Captain Kilowatt is correct - since your fundamental signal is causing the problem, no amount of filtering on your end - save turning your radio off - will fix this. You have to eliminate your signal at the neighbor's phone.
Here's what's happening: the wires act as antennas and pick up your 27MHz signal that travels into the electronic appliance, where it encounters the p/n junction of a solid state device. That p/n junction acts like the detector diode in a radio, turning your RF into an audio signal that's amplified right along with the voice/music/sound the electronics were made to reproduce. And that's the big problem, because once it's rectified into audio you can't do anything about it.
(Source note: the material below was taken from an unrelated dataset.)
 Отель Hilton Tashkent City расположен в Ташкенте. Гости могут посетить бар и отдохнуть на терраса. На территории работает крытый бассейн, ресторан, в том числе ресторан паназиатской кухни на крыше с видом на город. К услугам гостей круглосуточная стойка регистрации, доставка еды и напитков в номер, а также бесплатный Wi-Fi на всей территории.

It doesn't help that the biggest complainers are usually also the penny pinchers who buy the cheapest crap they can find. And one way manufacturers save cost on bottom of the line junk is by eliminating RF filtering.
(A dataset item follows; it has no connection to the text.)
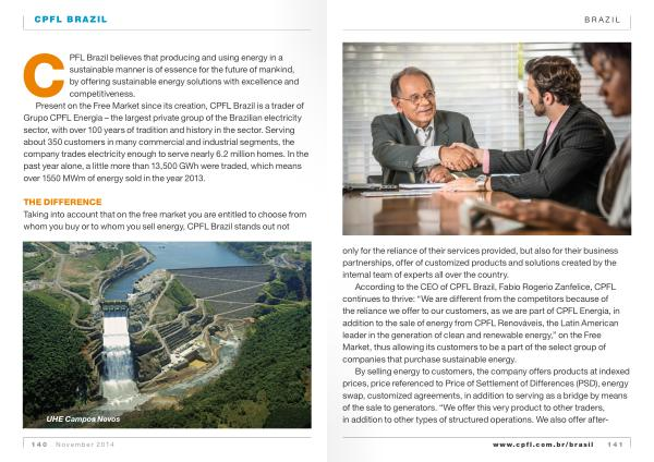 According to the ceO of CPFL Brazil , Fabio Rogerio Zanfelice , CPFL continues to thrive : “ We are different from the competitors because of the reliance we offer to our customers , as we are part of CPFL Energia , in addition to the sale of energy from CPFL Renováveis , the Latin American leader in the generation of clean and renewable energy ,” on the Free Market , thus allowing its customers to be a part of the select group of companies that purchase sustainable energy .

Back in the olden days I used to buy .1uf ceramic caps by the bagful and stick them everywhere. Across phone lines, between the mouthpiece screw terminals of old Western Electric 500 phones, across stereo speaker terminals, etc. The whole idea is to give a short circuit to the RF that won't affect the audio frequencies.
I had neighbors who used to bitch about my little 2 watt Midland basically coming through on just about every piece of electrical gear they had. I put caps on all their phones, and 3 caps on their stereo speaker leads (one across the leads and one each to ground). I couldn't do anything about my signal overwhelming the front end of their P.O.S. AM radio the wife listened to in the kitchen as she drank her daily quart of vodka, and ended up just buying her a nicer model so she would stop beating on my door in a drunken rage every day.